Essentially, Dstl is charged with being the interface between users of defence-related technologies (military, security services, police or even politicians) and providers from industry and academia. So, as the technical lead for the Gravity Imager project, I talk with military operators to understand the situations where being able to see through walls or image underground would be an advantage. I then use this information to build representative scenarios that can be modelled and used to define the performance characteristics required of gravity sensors. And, finally, I work with academia (in this case the University of Birmingham’s ultracold-atom research group) to help define project goals and understand where this technology could have the biggest impact for defence and security.

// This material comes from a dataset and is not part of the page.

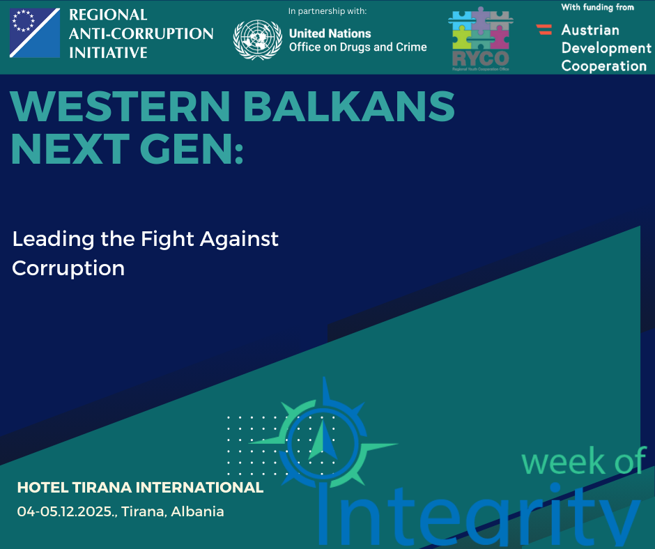 Western Balkans Next Gen: Leading the Fight Against Corruption Share on FacebookTweetFollow us + Add to Google Calendar + iCal / Outlook export 00 days 00 hours 00 minutes 00 seconds Date Dec 05 2025 Time 09:00 - 16:30 Location Tirana International Hotel Skanderbeg Square, City center Category Workshop Organizer RAI - Regional Anti-corruption initiative Share this event

A typical day, week or even month is hard to describe, but some recent personal highlights include presenting my work on gravity imaging at conferences (you can watch my presentation at an IET signal-processing conference at http://ow.ly/4rHo3020r7H) and meeting with Vernon Gibson, chief scientific adviser at the Ministry of Defence, to discuss the future impact of quantum technology. As for the more mundane activities, I regularly talk to military personnel to understand their requirements; work with partners such as the University of Birmingham and the technology company e2v to understand technical risks; and review project progress and report achievements. I also build productive relationships with suppliers and international partners, as well as mentor colleagues and present and publish research.
So generally I split my time three ways. A third of it is spent meeting people at universities, in industry, in government, and internationally to develop research collaborations. Another third is doing independent research, reading technical papers, writing code (mostly Python) and making mathematics (mostly in Mathematica). The rest is your normal office stuff: having meetings, writing reports, phoning suppliers, making technical plans and last (but sadly not least) writing e-mails.

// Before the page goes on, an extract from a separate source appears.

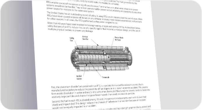 NEW HORIZONS New Horizons Nuclear Safety The New Horizons spacecraft derives its electrical power from a radioisotope thermoelectric generator (RTG), a lightweight, compact spacecraft power system that is extraordinarily reliable. An RTG has no moving parts, and uses neither fission nor fusion processes to produce energy. Instead, it provides power through the natural radioactive decay of plutonium (mostly Pu-238, a non-weapons-grade isotope). The heat generated by this natural process is changed into electricity by a solid-state thermoelectric converter. RTGs enable spacecraft to operate at significant distances from the Sun or in other areas where solar power systems would not be feasible. They remain unmatched for power output, reliability and durability by any other power source for missions to the outer solar system. The United States has an outstanding record of safety in using RTGs on 24 missions over the past 40 years. While RTGs have never caused a spacecraft failure on any of these missions, three missions experienced malfunctions for other reasons. In all cases, the RTGs performed as they were designed to do. More than 40 years have been invested in the engineering, analysis and testing of RTGs. As described below, safety features of an RTG include the use of a specific type of fuel material, a modular design, and the use of multiple physical barriers to prevent any leakage. �������� ����������������� ������� ����������� ����������� ����� ���������� ������������ ���������� First, the plutonium dioxide fuel contained in an RTG is a specially formulated fire-resistant ceramic that is manufactured as pellets to reduce the possibility of fuel dispersion in a launch or reentry accident. This ceramic form resists dissolution in water and reacts little with other chemicals. If fractured, the ceramic tends to break into relatively large particles and chunks that pose fewer hazards than small, microscopic particles. Second, the fuel in each RTG is divided among 18 small, independent modular units, each with its own heat shield and impact shell. This design reduces the chances of fuel release in an accident because all modules would not be equally impacted in an accident. Multiple layers of protective materials, including iridium capsules and high-strength graphite blocks, protect and contain the fuel and reduce the chance of release of the plutonium dioxide. Iridium, a strong, ductile, corrosion- resistant metal with a very high melting temperature, encases each fuel pellet. Impact shells made of lightweight and highly heat-resistant graphite provide additional protection. NASA’s First Mission to Pluto and the Kuiper Belt 35

Developing and progressing
While all of the people I deal with – from military officers to technical experts – speak English, they rarely understand each other perfectly. Culture and background often influence the true meaning of a sentence, and our "acronym pools" are usually incompatible. This means that to progress at Dstl, being able to present information clearly and to empathize with the audience is really important.
But if that’s not a natural talent for you, don’t be put off. Dstl provides numerous training opportunities and support, and since joining I have learnt lots of new skills. I started out as an expert in particle physics, but I have enjoyed finding how a lot of that knowledge can be applied to other areas of science and technology; in particular, I am fascinated by how people in different fields of mathematical science often talk about essentially the same thing, but using very different language. Understanding other people’s motives and learning how best to communicate and present is a skill that has come on greatly since I was a PhD student. I have also learnt about project and people management, and have some insight into how government works.
You don’t join Dstl with a prescriptive pre-defined job and just plod along; there are always opportunities to do something different. Probably the best piece of advice I have for new starters at Dstl is to take control of your future. Don’t just let your manager tell you what you’re going to do next – tell them! Look around, speak to people and find opportunities to learn more about what other people at Dstl are doing. That’s what I did, and for me it has worked. I hope my future involves leading the development of quantum technologies to improve the UK’s defence, security and prosperity.